D’après lui, il y a encore énormément de travail à faire pour rattraper le retard que la langue française a pris au Québec lors des dernières années.

« Il nous tarde que le gouvernement en place agisse », lance le député de Matane-Matapédia. C’est pourquoi il a lui-même déposé le projet de loi 591 en février dernier. Ce projet de loi intitulé : loi modifiant la Charte de la langue française afin de préciser dans quelles circonstances un employeur peut exiger pour l’accès à un emploi ou à un poste la connaissance d’une langue autre que la langue officielle, interdirait aux employeurs d’exiger la connaissance de l’anglais pour un emploi dont ce n’est pas réellement nécessaire. « L’idée c’est que la non-connaissance de l’anglais ne soit pas un objet de discriminations à l’égard de quelqu’un qui postule un emploi. Il y a des gens qui ne parlent pas anglais et si c’est une discrimination dans leur propre nation, on a un gros problème. C’est une question de fierté nationale », explique M. Bérubé. De plus, il y aurait évidemment du cas par cas, puisque de nombreux emplois demandent effectivement une connaissance de l’emploi, mais la loi s’attaquerait surtout aux employeurs qui le demande sans raisons valides. L’employeur devrait prouver que la connaissance de l’anglais est nécessaire pour effectuer ce travail.
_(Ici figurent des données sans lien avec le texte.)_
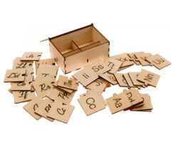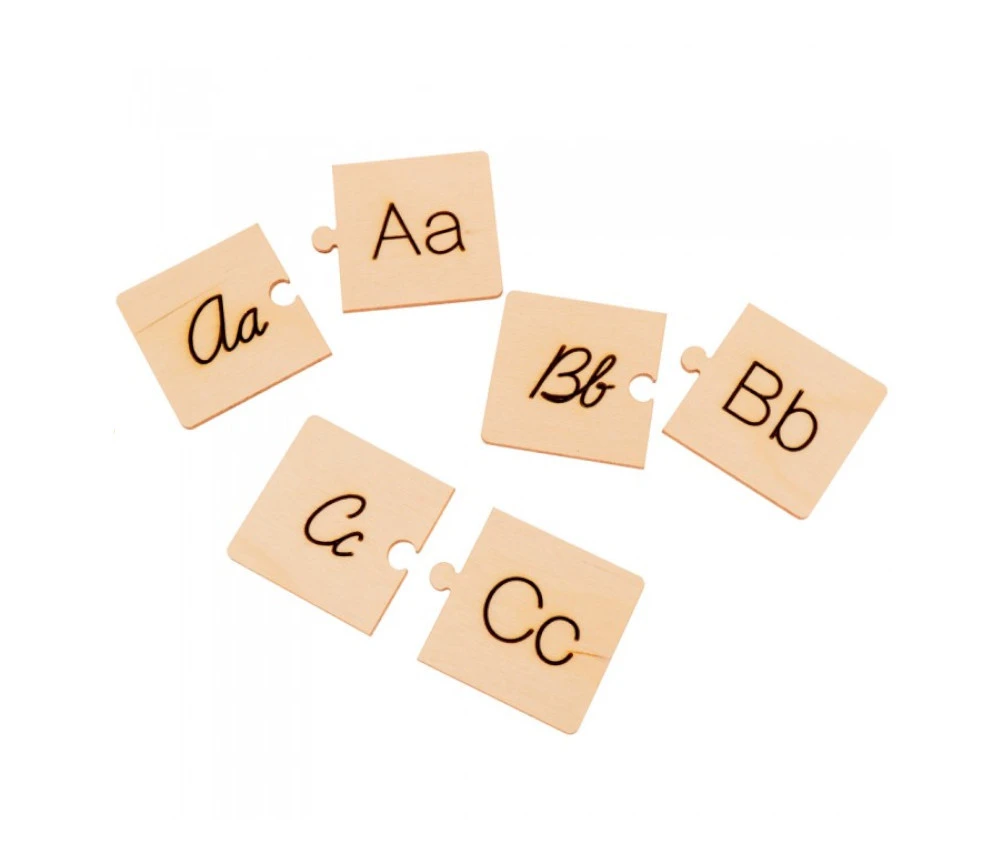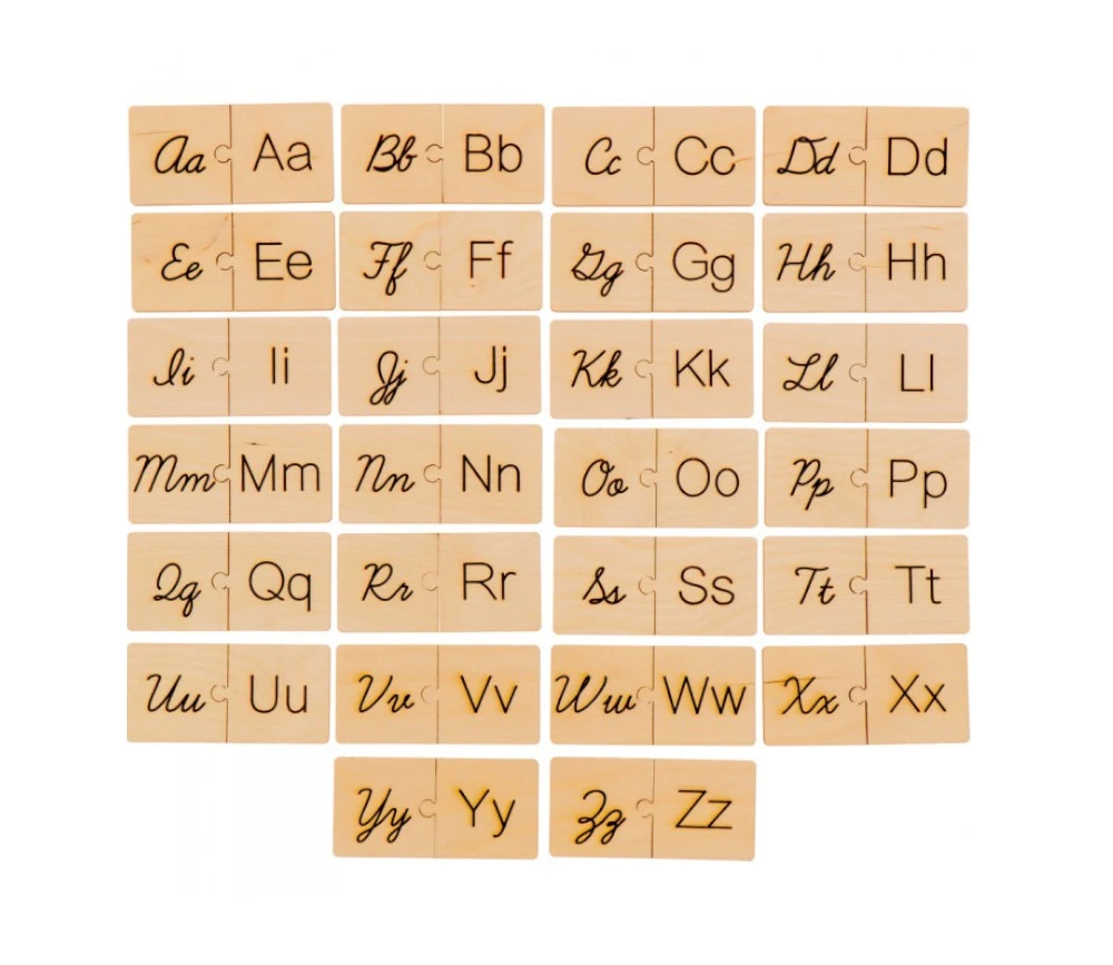 Jeu d’association puzzles des lettres cursives et scriptes en bois :

« Au Parti Québécois, on encourage la connaissance de toutes les langues, mais l’État québécois n’a qu’une seule langue officielle ‒ le français. Et la langue de travail doit être le français. »
‒ Pascal Bérubé, chef intérimaire Parti Québécois

« On avait compris en aout 2019 que le projet [la réforme de la loi 101] allait être mis de l’avant, mais a finalement été retardé. Quand ils seront prêts, nous le serons aussi avec nos propositions », relate Pascal Bérubé. Il ajoute du même souffle que « le gouvernement caquiste, qui se réclame nationaliste, aura un bon test avec le dossier de la langue et il se trouve qu’il s’agit d’une de nos spécialités. On est bien prêt à l’influencer positivement ».

Selon le chef intérimaire du Parti Québécois, la CAQ devra reconnaitre un certain nombre de phénomènes nuisibles à l’épanouissement du français.

  1. Le français est menacé à Montréal, mais pas seulement à Montréal, à Laval et sur la Rive-Sud aussi.
  2. L’utilisation du français est marginalisée, notamment dans le domaine du travail des entreprises de moins de 50 employés.
  3. La qualité de la langue dans les écoles est à améliorer.
  4. Un plus grand rayonnement de la langue et du même coup de notre propre culture.

« La représentation qu’on se fait du français influence notre rapport avec la langue. Il faut démontrer que le français est une grande langue dans le domaine des sciences, de la littérature, de la cuisine, c’est une langue de l’olympisme. Il ne faut pas avoir honte de parler français. C’est une richesse », lance fièrement Pascal Bérubé.

« Le nombre de locuteurs va exploser dans les prochaines années. Il n’y a jamais eu autant de gens pour qui le français est une deuxième langue. »
‒ Pascal Bérubé

M. Bérubé termine l’entretien en rappelant qu’il faut demeurer vigilant et sur nos gardes et ce même si l’on n’habite pas Montréal ou ses alentours. « Ce n’est pas parce qu’ailleurs au Québec c’est moins pire qu’à Montréal et ses alentours qu’on ne doit pas se méfier. » Sur les réseaux sociaux qui prennent une grande partie de nos vies, la langue anglaise est souvent très populaire. Sa longue histoire l’a prouvé à plus d’une occasion, en Amérique du Nord, la langue française sera toujours minoritaire et fragilisée. Il est impossible de s’assoir sur nos lauriers.